# Shady Grove Campground was worth the effort.



## lcookie (Jun 22, 2015)

My Father's Day gift was a success.  The family came up from Sav to spend the weekend camping.  That was my wish.  The little one and I are loving it so we wanted to share the experience.  Things started off bad as I ended up working on my day off to get a project done.  My boss appreciated the effort and personally thanked me for the sacrice.  So we hit the campground just before dark on Friday.  Luckily this band of newbies got all set up with little to no issues.  We started a fire, roasted dogs, made smores, and laughed half the night.  Next day we took the kids to the park, to the beach, and fire fly catching at night.  In between all of that we ate mega meals and enjoyed each other. It was like a 2 day party.  It was totally worth the effort. Hope yall don't mind All the pics. I don't have any pics from my childhood.  Wanted better for my little one. Never even put the boat in the water.


----------



## Sargent (Jun 22, 2015)

Awesome!  

Spent many a weekend there.  Glad y'all had fun.


----------



## lcookie (Jun 22, 2015)

Oh yea.  Those coleman family tents are awesome.  Large and roomy. I would recommend them just make sure the pad is large enough when choosing a site.


----------



## seeker (Jun 22, 2015)

Better set-up than a Hilton Hotel in the woods.


----------



## Dr. Strangelove (Jun 22, 2015)

Now that's a breakfast!


----------



## JustUs4All (Jun 22, 2015)

Looks like a good time was had by all.


----------



## Bob2010 (Jun 22, 2015)

That's awesome!  You guys need to know a trick my wife figured out on the inner Web.  Smores! Pointy ice cream cone. Layer marshmallow and chocolate chips inside. Wrap in foil and drop on the cooking  rack or just outside the coals. No big mess all over kids and taste amazing.


----------



## lcookie (Jun 22, 2015)

Good look on the smores.  Will try that next go around.  I kinda like the messy faces.  Let's me know they enjoyed it lol.


----------



## elfiii (Jun 22, 2015)

lcookie said:


> I don't have any pics from my childhood.

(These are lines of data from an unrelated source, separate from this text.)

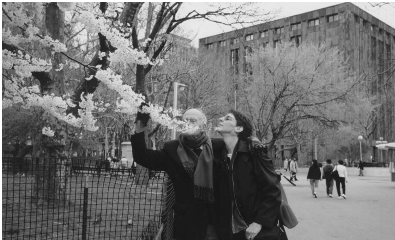
FIGURE 2. Jean Rouch in an antic moment en route to his retrospective, New York, April 2000.

works Moi, un Noir (1959) and La pyramide humaine (1961). Both films are set in Abidjan. The first film is set among migrants from Niger working in the slums of Treichville. The second is a drama created with black and white students in a fictional integrated high school class (a film credited as the precursor to his cinema vérité classic, Chronique d'un Été [1961]).
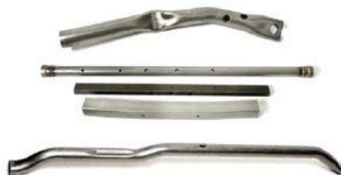
Structural Components 结构元件
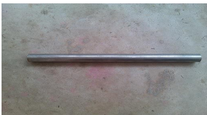
Fig:1.3 Stainless steel Metal having a length of 500mm and outer dia 33mm.
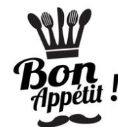
Restaurante El Muelle de Arriate
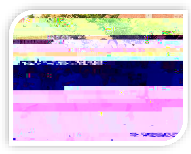
ASB Students Participating in service-learning reorientation project in downtown Wichita
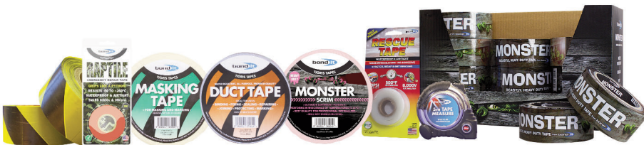
Part of the Bond It Tape Range

The data presented in this leaflet are in accordance with the present state of our knowledge, but do not absolve the user from carefully checking all supplies immediately on receipt. We reserve the right to alter product constants within the scope of technical progress or new developments. The recommendations made in this leaflet should be checked by preliminary trials because of conditions during processing over which we have no control, especially where other companies raw materials are also being used. The recommendations do not absolve the user from the obligation of investigating the possibility of infringement of third parties rights and, if necessary clarifying the position. Recommendations for use do not constitute a warranty, either expressed or implied, of the fitness or suitability of the products for a particular purpose.
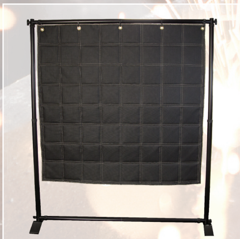
Available with grommets for hanging
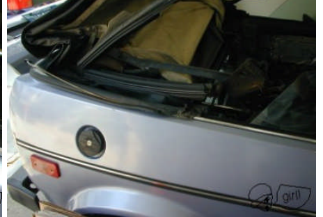
Get out of the car and remove the screws from the [caps] where the boot snaps on.

Get back in the car. Take out the two unmarked bolts by first loosening all three bolts. When you have removed two bolts from each side, lower the top. Remove the last bolt. The top will pop a bit. Since the tension cable is loose on both sides, begin to pull the top out of the channel. Work from each side toward the back. You will likely need to pull on the corded part of the top. Just yank it loose. Peel the top back.
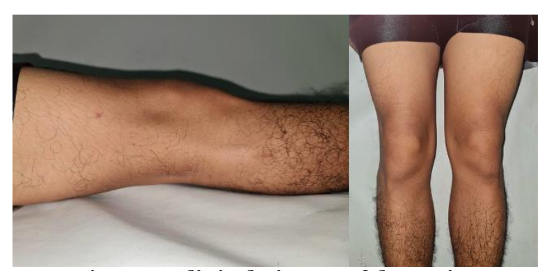
Figure 1. Clinical Picture of the Patient

assessment was 100%. The AOFAS assessment was 90% at 12-months follow-up and the patient presented good ankle motoric power with no complaint regarding the ankle function. The range of motion for both ankle eversion and first ray plantar flexion were not limited. The patient was unstable before surgery on the anterior drawer test, and Lachman's test indicated a score of +3. Post-operatively, the patient had negative results on Lachman's test and anterior drawer test. The patient had no complaint and satisfied with the result by radiograph (see Fig. 5).

Make sure those last cookie. They will be grown and gone before you know it! The pics will be treasured memories some day.

Looks like ya'll had a blast and went first class to boot. I agree on the messy faces. That's a sign smores were a hit.


----------



## sparky (Jun 22, 2015)

looks like a purty place & a good time was had by all


----------



## LT4247 (Jun 22, 2015)

And I thought my Thermarest was comfy.


----------



## T-N-T (Jun 22, 2015)

Looks Awesome!  I like to EAT when camping.  I always make sure the meals are big and good.  Post your pics,  thats what its about!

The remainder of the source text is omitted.